GAZA CITY: Mahmoud al-Dakhni was one of the thousands of Palestinians gathered in front of the Chambers of Commerce headquarters in Gaza to apply for work permits inside Israel.

They were of different age groups and backgrounds, including degree holders, and crowded outside the building in the hope of obtaining Israeli approval to apply for a permit that would allow them to pass through the Erez crossing and escape Gaza’s deteriorating economic reality.

Since Hamas seized control of Gaza by force in 2007, Israel has imposed a siege that has caused Palestinians’ economic conditions to suffer.

The situation worsened due to Israeli restrictions since the last war in May 2020.

Al-Dakhni said he had worked for a few days not exceeding the number of “fingers of the hand” since that war.

“Working in Israel is more profitable than in Gaza where the worker gets ILS300 ($93.12) or more, while the wages of a worker in Gaza do not exceed ILS50 per day, and with longer and more miserable working hours,” said the 33-year-old construction worker, who has six children.

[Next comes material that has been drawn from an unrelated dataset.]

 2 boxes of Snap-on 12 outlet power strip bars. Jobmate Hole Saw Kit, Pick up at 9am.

To obtain a work permit Al-Dakhni, like others, resorted to opening a commercial registration with the Chamber of Commerce to prove he was a merchant, which is a condition for obtaining Israeli approval.

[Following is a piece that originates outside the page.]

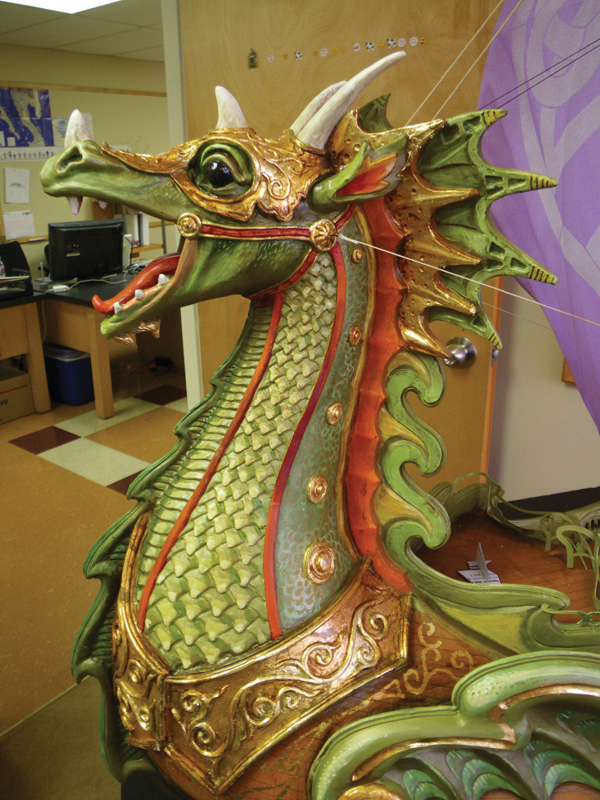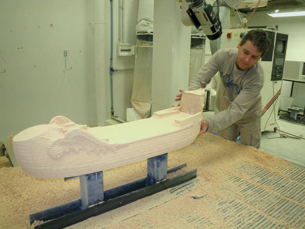 The .dxfs were emailed off site for polystyrene profiles to be hot-wire cut for the balustrading, head, tail and wing. Set Designer Chris Tangney neatened and updated the balustrading and rear balcony using Maya, and the final model was milled accurately from this file by John Cox's Creature Workshop.
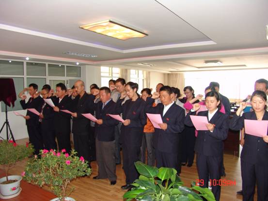 我宣誓:"我志愿加入中國共產(chǎn)黨,擁護(hù)黨的綱領(lǐng),遵守黨的章程,履行黨員義務(wù),執(zhí)行黨的決定,嚴(yán)守黨的紀(jì)律,保守黨的秘密,對黨忠誠,積極工作,為共產(chǎn)主義奮斗終身,隨時(shí)準(zhǔn)備為黨和人民犧牲一切,永不叛黨"。6月29日上午10∶00時(shí),17名新加入黨組織的中國共產(chǎn)黨預(yù)備黨員、所屬各黨組織書記、老黨員代表等30余人的莊嚴(yán)宣誓,標(biāo)志著青海物產(chǎn)系統(tǒng)慶祝建黨91周年系列活動正式展開。

Al-Dakhni borrowed the amount he had paid for the commercial register. “Everyone does this,” he explained. “Israel does not announce that these are work permits, but rather permits for merchants, but the truth is that those who obtain them use them to work in Israel.”

Mahmoud Haniyeh and four of his friends resorted to the same approach, obtaining a commercial registration after sharing its costs. “We each paid ILS1,700 and we hope to compensate for it by working in Israel.”

Haniyeh, 45, used to work as a tailor in the Erez industrial zone, before losing his job completely with the Hamas takeover of Gaza.

Haniyeh, who supports a family of eight, said he had to buy a car in instalments to work as a taxi driver to provide for his family’s needs. But it became a burden on him due to the poor economic conditions of the majority of the population.

“I work on the car every day from six in the morning until the evening hours, and on many days what I get does not meet the basic needs of the family … We only want our children to live a decent life.”

Video clips of work permit seekers circulated on social media. They directed their anger at Fatah and Hamas and held them responsible for the crises afflicting Gaza.

One clip showed a man, who appeared to be in his late thirties, saying he graduated from university in 2009 while his wife had graduated this year and that they had no hope of getting a job.

“University degrees have become useless in light of the division, especially if you are not affiliated with a political faction,” he said in the clip.

Egypt is currently working to consolidate the truce that it sponsored between Hamas and Israel that halted the 11-day war last May. But the Egyptian mediation has not yet resulted in bringing the two sides closer together.

Israeli public radio said the total number of permits granted to Palestinian workers from Gaza to work inside Israel was 7,000, after their number was about 5,000 workers and traders last August.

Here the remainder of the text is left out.